|After California voters in November voted against a proposal to raise the state’s cap on medical malpractice damages, it appears that the state’s Supreme Court will have the final say on the matter, and could very well decide to rule against popular opinion.
The state’s current malpractice cap is $250,000, and it has been in place for 39 years since California passed the Medical Injury Compensation Reform Act in 1975. Proposition 46 would have raised the cap to $1.1 million, well over the median $600,000 that gets awarded in medical malpractice lawsuits, but calculated mostly by adjusting for inflation since 1975.
California Healthline notes that 67.1% of California voters rejected the proposition back in November, but the stat’es Supreme Court has recently agreed to review the Hughes v. Pham case, which would challenge the constitutionality of the 1975 Reform Act.
The Hughes v. Pham lawsuit is perhaps one of the most drastic cases of malpractice victims being denied what a court of law had bestowed: Trent Hughes had filed a malpractice lawsuit against his neurosurgeon Christopher Pham, who delayed giving medical treatment to Hughes after an off-road vehicle crash, causing Hughes to become a paraplegic.

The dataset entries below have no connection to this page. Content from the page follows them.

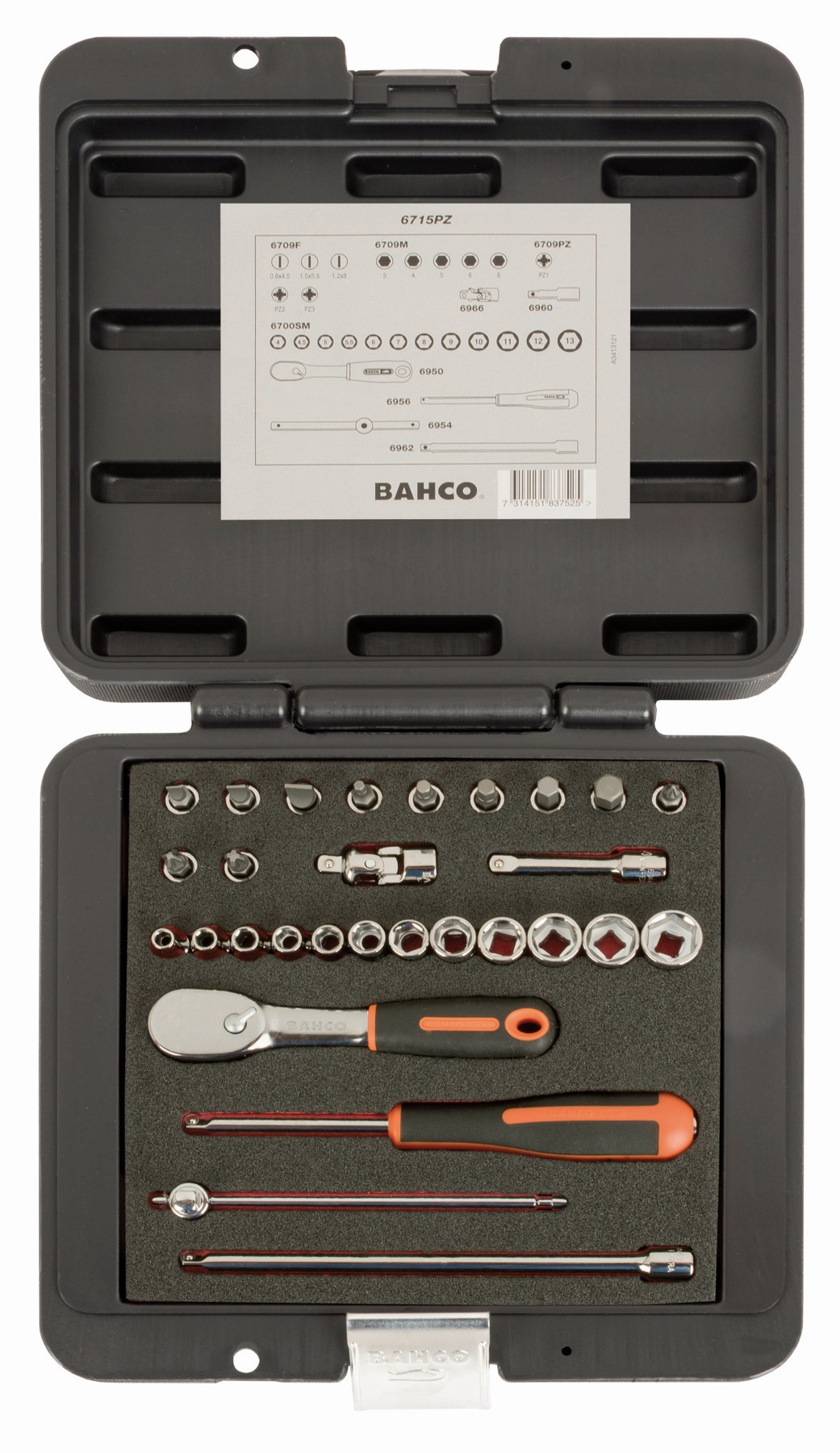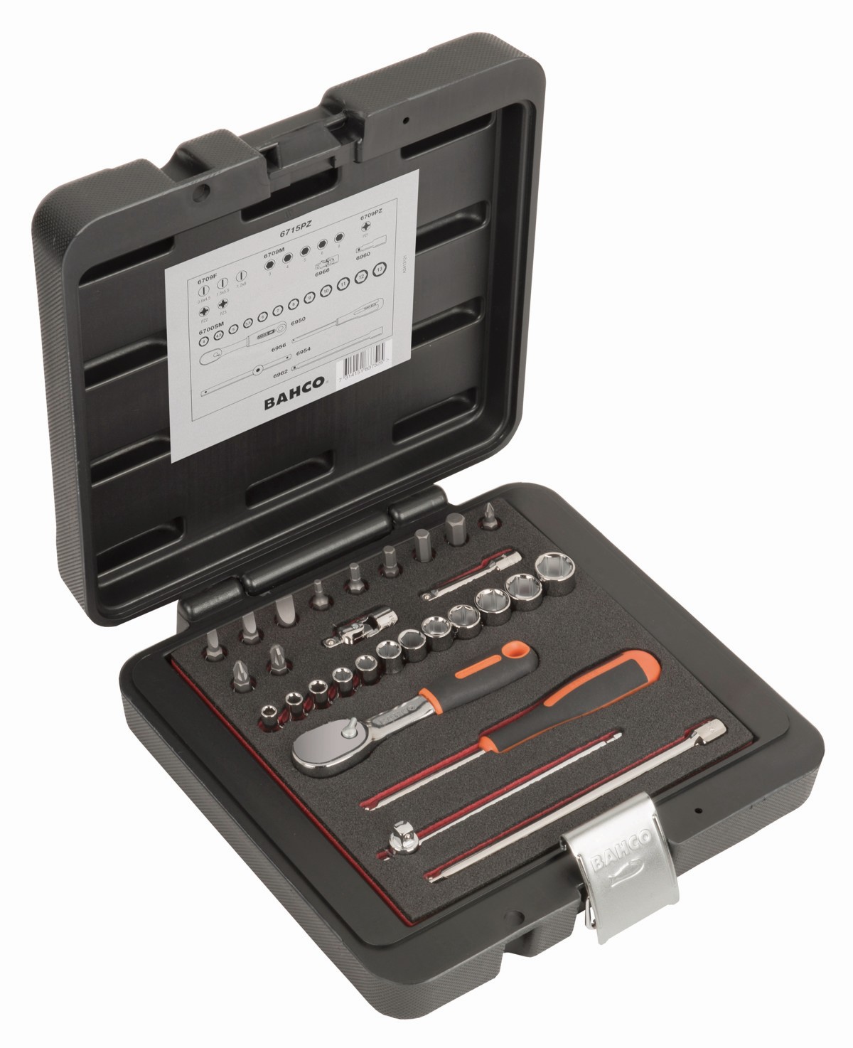 Juego de vasos con cuadrado de 1/4", con perfil hexagonal métrico y carraca con cabeza tipo pera/llaves de vaso | 6715PZ
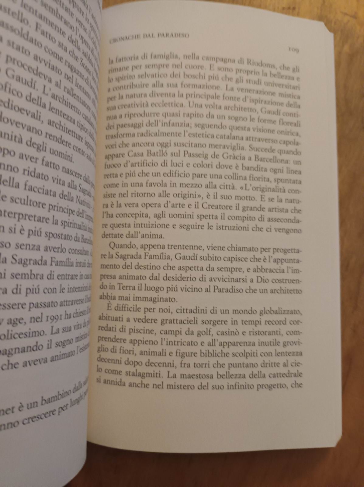 “Quando, appena trentenne, viene chiamato per progettare la Sagrada Familia, Gaudì subito capisce che è l’appuntamento del destino che aspetta da sempre, e abbraccia l’impresa animato dal desiderio di avvicinarsi a Dio costruendo in Terra il luogo più vicino al Paradiso che un architetto abbia mai immaginato.”
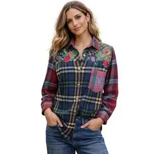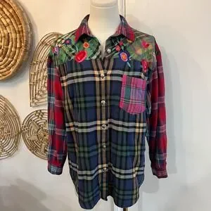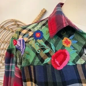 Keywords patchwork plaid shirt embroidered cotton button up boho western cottagecore folk floral statement top
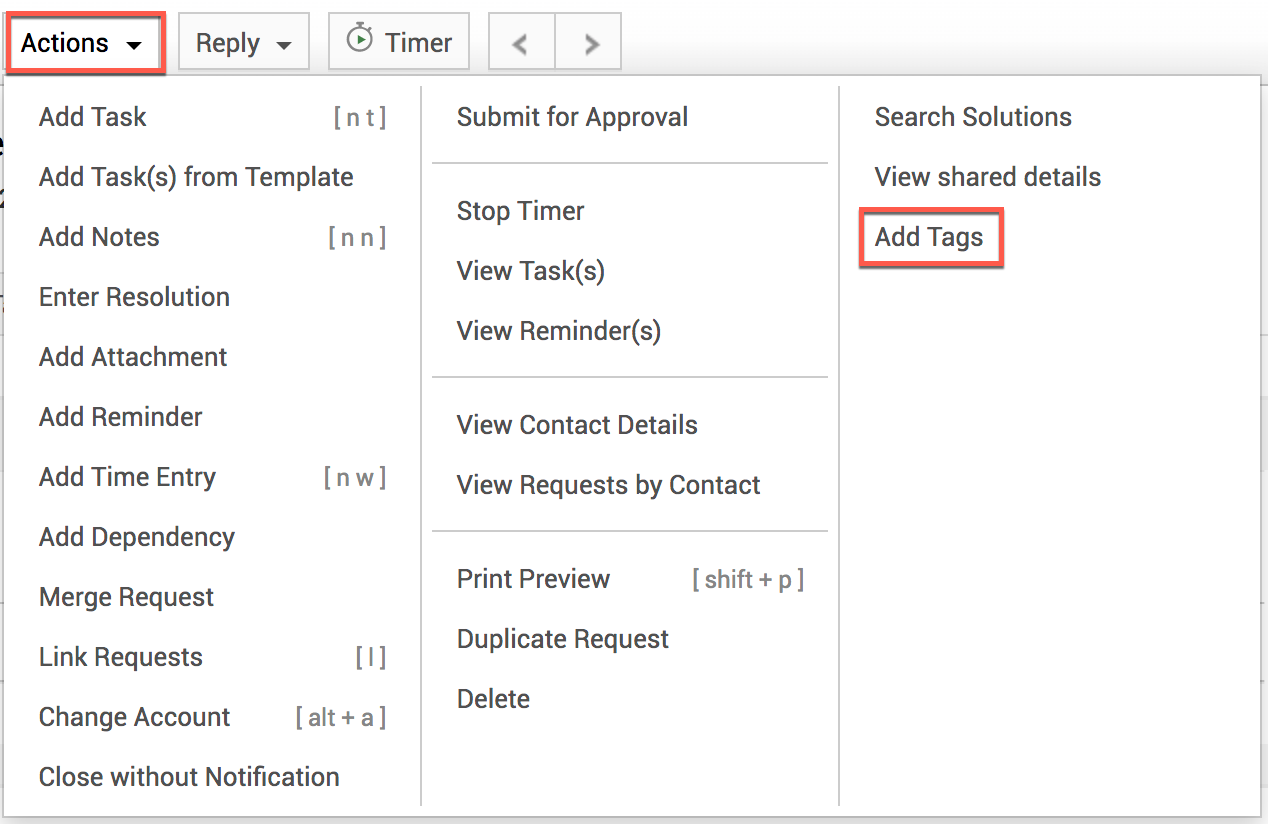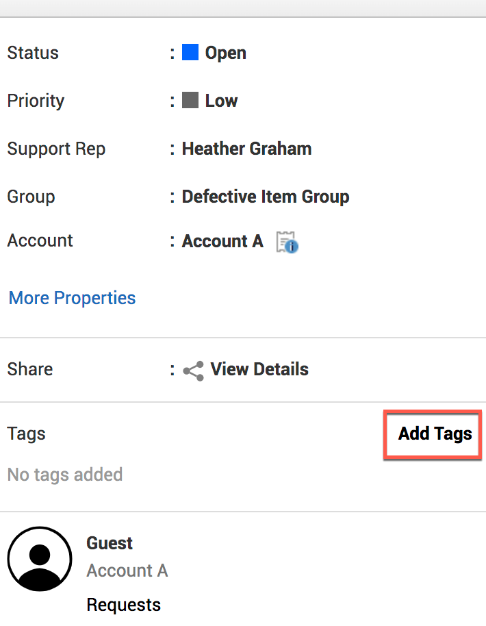 Add tags to a request in order to group them on a specific criteria. You can perform a global search for requests based on their tags. You can add up to 10 tags to a request.

The jury originally awarded Hughes $2.75 million for his pain and suffering, but because of the state’s limit on malpractice damages, Hughes was only able to collect $250,000.
Although Pham argues that there was “insufficient evidence to establish causation” between his treatment of Hughes and Hughes becoming a paraplegic, many agree with Hughes that the cap barely covers what he rightfully deserves, and that the state’s current cap “arbitrarily and irrationally singles out the most severely injured victims of medical medical malpractice.”
Even if the court decides not to change the cap, it could still decide to change the way in which damages are calculated and paid out, and if previous settlements should be taken into account when awarding pain and suffering damages to a plaintiff.